▶ [Data provided]:
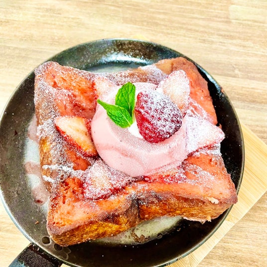 焼きたてふわとろ苺プリントースト焼きたてふわとろ苺プリントースト (1000円)苺みるくプリン液に漬け込んだデニッシュパンに、スライス苺と苺プリンをトッピング。アルバイト発案の斬新なデザートトーストです。鉄板の上で提供することで提供時にプリンが溶け出し、食べ進めるほどにピンクカラーに変化します。
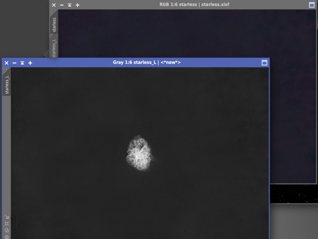 The next part is straightforward and invariably the defaults on these tools are acceptable. If you look closely at my image, my backfocus was slightly off, and the stars at the edges get a little bit of a vortex effect. BlurXterminator cleans this up nicely, as well as shrinks the stars a little bit. I run this twice, first in “correct only” mode, and then in standard mode. Then I use StarXterminator to remove the stars, making sure to check the “screen stars” & “generate star image” boxes. This is where StarNet++ could also be used as acceptable alternative. You will now have a starless and star image.
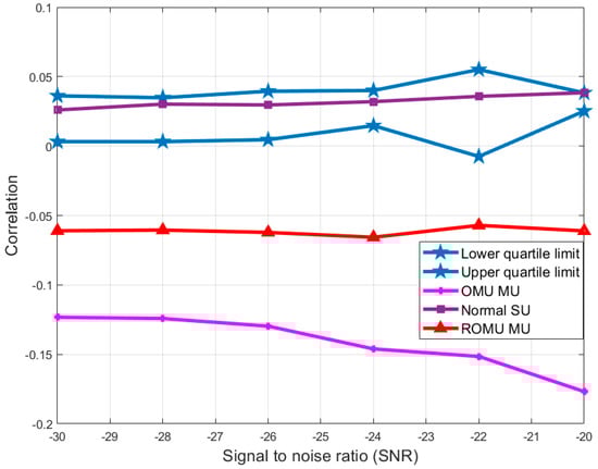 In the third scenario, we considered the existence of both the OMU and ROMU in the network. Table 4 defines the upper and the lower quartile limits for the normal SUs. Figure 5 shows the simulation results, when both the OMU and the ROMU are equally distributed. From Figure 5, we can observe that the normal SUs lie within the range of the upper and lower limits, whereas the OMU and ROMU are not in the range of the limits set by the box-whisker plot. Figure 5 shows that the detection results of the OMU were more negative compared to the ROMU. The ROMU behavior was closer to that of the normal SUs and more sensitive care was required for the detection of such outliers or of the MUs.

▶ [Task objective]:
Print the material above word for word, and keep the pictures out of it.

▶ [Answer to this task]:
 焼きたてふわとろ苺プリントースト焼きたてふわとろ苺プリントースト (1000円)苺みるくプリン液に漬け込んだデニッシュパンに、スライス苺と苺プリンをトッピング。アルバイト発案の斬新なデザートトーストです。鉄板の上で提供することで提供時にプリンが溶け出し、食べ進めるほどにピンクカラーに変化します。
 The next part is straightforward and invariably the defaults on these tools are acceptable. If you look closely at my image, my backfocus was slightly off, and the stars at the edges get a little bit of a vortex effect. BlurXterminator cleans this up nicely, as well as shrinks the stars a little bit. I run this twice, first in “correct only” mode, and then in standard mode. Then I use StarXterminator to remove the stars, making sure to check the “screen stars” & “generate star image” boxes. This is where StarNet++ could also be used as acceptable alternative. You will now have a starless and star image.
 In the third scenario, we considered the existence of both the OMU and ROMU in the network. Table 4 defines the upper and the lower quartile limits for the normal SUs. Figure 5 shows the simulation results, when both the OMU and the ROMU are equally distributed. From Figure 5, we can observe that the normal SUs lie within the range of the upper and lower limits, whereas the OMU and ROMU are not in the range of the limits set by the box-whisker plot. Figure 5 shows that the detection results of the OMU were more negative compared to the ROMU. The ROMU behavior was closer to that of the normal SUs and more sensitive care was required for the detection of such outliers or of the MUs.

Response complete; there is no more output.